On 17 May 2013, the Council of Ministers approved the submission to the Parliament of the Organic Draft Bill for the Improvement in Educational Quality which includes a set of measures that improve the conditions for all pupils. Its implementation will entail a combined cost of 255 million Euros annually, part of which is co-financed with the European Social Fund corresponding to the period 2014-2020.

Significant progress has been made in relation to Roma students in accordance with the data from the National Roma Integration Strategy in Spain 2012-2020. The rates of school attendance in pre-school education have increased significantly, between 1994 and 2009, since there has been a rise of almost 30 percentage points of Roma children who have attended pre-school education prior to their compulsory schooling (87% in 2009). In primary education, the schooling of Roma children is practically standardised, but the presence of young Roma students in post-compulsory studies is still less frequent.

With the aim of structuring a family policy explicitly as a coherent set of standard measures, the Comprehensive Family Support Plan will be approved in 2014. Encouraging Positive Parenting, following Recommendation 19 (2006) of the Committee of Ministers of the Council of Europe of the Member States, is a strategic objective that the Ministry of Health, Social Services and Equality have been working on for years with the Spanish Federation of Municipalities and Provinces (FEMP) and a group of experts from different Spanish universities.

Child participation

The ultimate aim of II PENIA is the promotion of child participation. This includes measures such as “sports for everyone”, participation in towns, the development of play centres and socio-educational spaces and the promotion of voluntary work.

In relation to children's rights to participate in civil society, the growing number of towns recorded through the "Child Friendly Cities" programme which have child participation authorities or councils (12% of 8,144 towns) stands out.

In relation to the associative movement, 44% of children between 6 and 11 years claim to belong to a group or association, while 31% of children between 12 and 14 years claim the same thing.
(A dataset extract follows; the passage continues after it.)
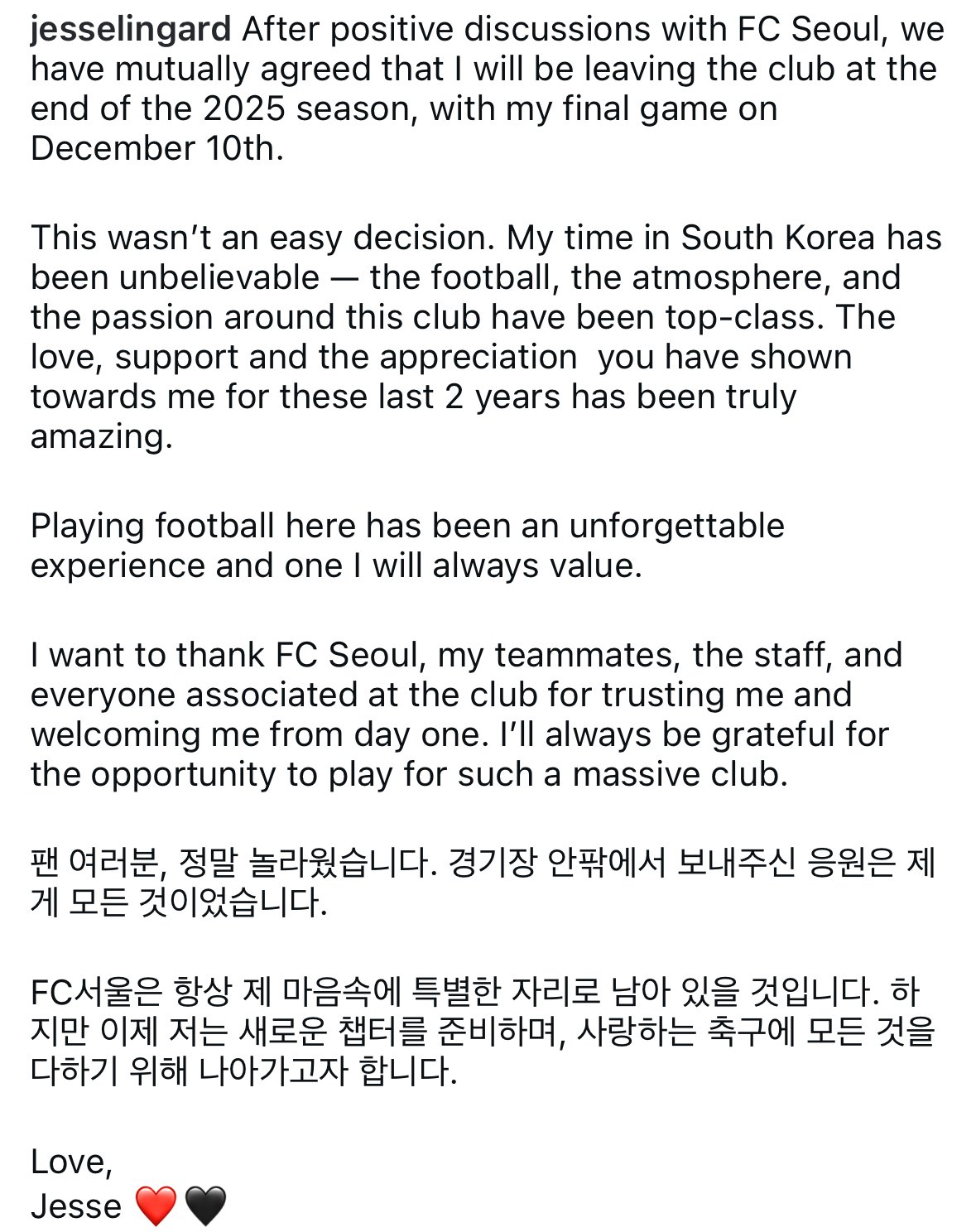 이는 쉬운 결정이 아니었습니다. 한국에서 보낸 시간은 믿을 수 없을 만큼 특별했습니다. 축구, 분위기, 그리고 이 클럽을 둘러싼 열정은 최고 수준이었습니다. 지난 2년 동안 여러분이 보여주신 사랑, 응원, 그리고 격려는 정말 놀라웠습니다.

Currently, the educational field has the greatest amount of regulation, where high school students have clear participation methods through school councils.

Outlook

The family is a vital institution for social stability and cohesion, so, therefore, promotion and support to households with family dependants is one of the central ideas of social protection.  The future challenges for Spain shall be coupled with the development of the National Strategic Plan for Childhood and Adolescence (2013-2016), the approval of a Comprehensive Family Support Plan with developments in reconciliation and joint responsibility for the personal, family and working life.
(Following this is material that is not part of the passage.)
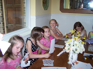I ignored the old proverb about April showers, and IT RAINED! Well, not RAINED, but rained........just enough to get everything wet. So we moved the garden tea party inside. It was not what I had planned, but it was what God had planned. All in all, the granddaughters said it was the best one ever. I'd love to think that I'm just getting better and better at hosting tea parties, but I think that the friends who were invited to the special "friends day" helped. We talked about manners, and all but the 3 year old did a pretty good job. She'll learn. And we talked about friendships and how important it is to be a true friend. Here's the result of our friends tea party:

In terms of inclusion and social protection, the approval in the next quarter of a National Action Plan for Social Inclusion 2013-2016 with the transverse aim of the fight against childhood poverty shall develop all the public administration measures with the strategic aim of active inclusion.

The information in the country profile was last updated in February 2014.

Child Friendly Cities (UNICEF)

This programme (http://childfriendlycities.org/) is an initiative of the Spanish Committee of UNICEF financed by the Ministry of Health, Social Services and Equality for 10 years. Its main aim is to drive the application of UNCRC in the field of Local Spanish Authorities. It also hopes to actively promote children's civil participation in municipal public life through Childhood Councils or forums created for this purpose. In addition, it promotes networking and facilitates the establishment of relationships between local governments and between those and other actors interested in the development of the UNCRC to share information and creative solutions. During this process, 62 Spanish cities have been recognised, which means 80 cities follow good practice in terms of children's rights and 180,000 annual visits to its web page. Currently, the Local Childhood and Youth Alliances (ALIA) have been developed within this framework as local implementation strategies where different programmes are possible aimed at promoting services from the perspective of well-being, equity and social collaboration in support of childhood.